I welcome the forward-looking attitude in Barry Braithwaite’s letter in SN, 3rd March ‘We will be liberated economically by our oil resources’. A 50:50 split in revenues from our oil bonanza and the ongoing rapid pace towards production can only mean economic liberation for our country. But this transformation will call for vision and passion among both our citizenry and the top local and national decision-makers. We should already be planning not only for servicing and overseeing the oil sector, but also for the wider economy and society.

This is not the time for the small-mindedness of Peeping Tom and his KN editors in their clamouring that our future revenues are enough only to buy each of us a loaf of bread. At least, we know for sure we can’t put the money in their hands.

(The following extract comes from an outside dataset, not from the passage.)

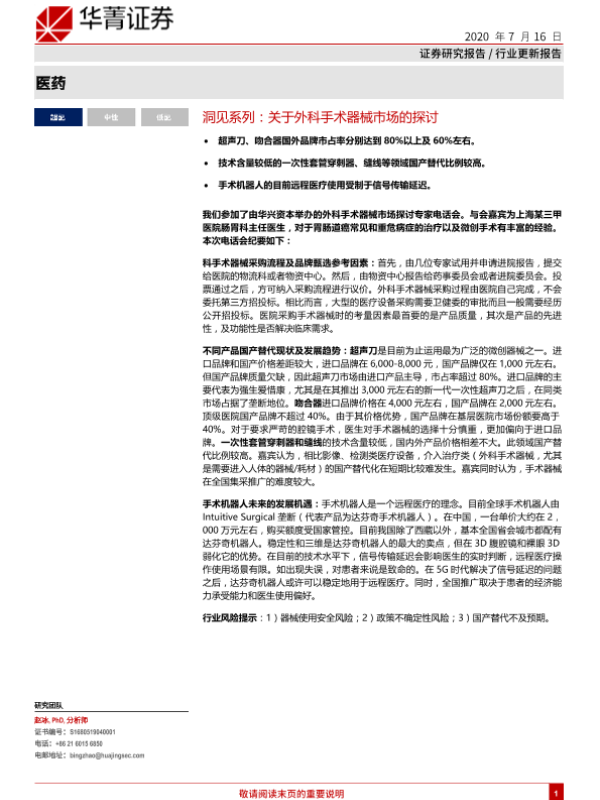 【华兴证券】【20200716】医药洞见系列:关于外科手术器械市场的探讨-2页
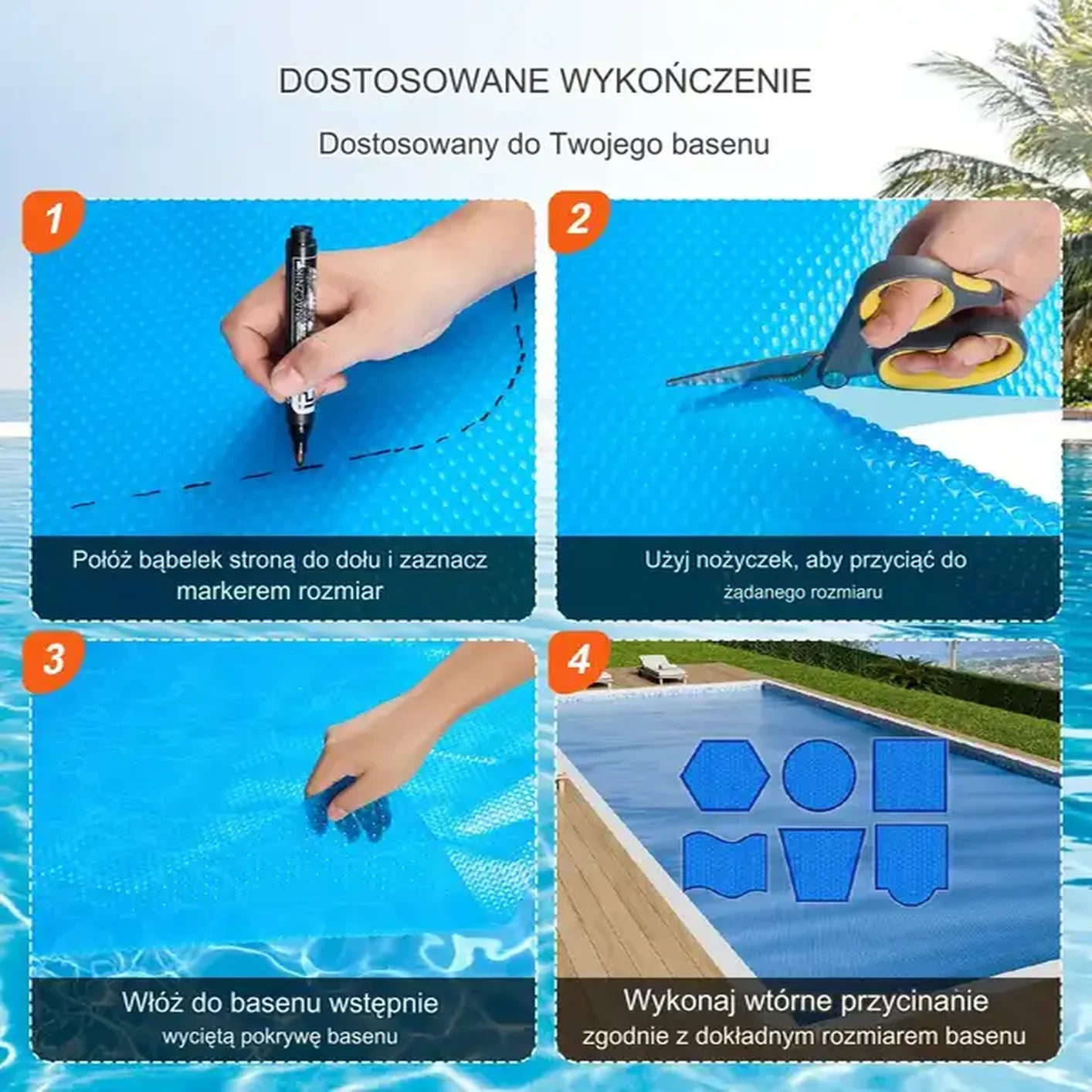 Solarna pokrywa basenowa pochłania ciepło w ciągu dnia i minimalizuje utratę ciepła w nocy, co może podnieść temperaturę wody o 8-15°C. Dzięki temu możesz cieszyć się dłuższym sezonem i niskimi kosztami ogrzewania.

This is a time for big goals. This is a time for developing growth industries in areas such as agribusiness; a time for making Guyana a cheaper place for living and doing business (small and big) by reducing the cost of energy and transportation; a time to open up the hinterland and to link up the country through Guyana-21 type road networks; a time to leave no Guyanese behind.

I therefore noted with encouragement the comments of Minister Joe Harmon a few days ago on some development ideas the government had in mind. Unsurprisingly, none of the major newspapers picked up his statement. Criticizing the oil contract, not discussing development plans, seems to be catchier.

That said, the government needs to step up its game on this front. It must not remain timid in articulating its grand plans, its vision. People only want to be reassured that the oil revenues will make a felt difference to their lives ‒ and make that difference soon. That message and energy are not coming out from the coalition.

I, for one, have suggested that the government need not wait for 2020, but should start planning and financing development projects now based on pre-production, resource-based borrowing to be repaid by future oil proceeds. If there exist, as the Minister of Finance keeps reminding us, bottlenecks in expending budgeted funds even now, it is a problem we cannot keep living with. We have to fix it. Otherwise, these bottlenecks will keep us on square one forever, even with billions of dollars pouring in from oil revenues.

Enough from the so-called ‘oil experts’. Time to discuss and act on transforming the country and improving the lives of the people.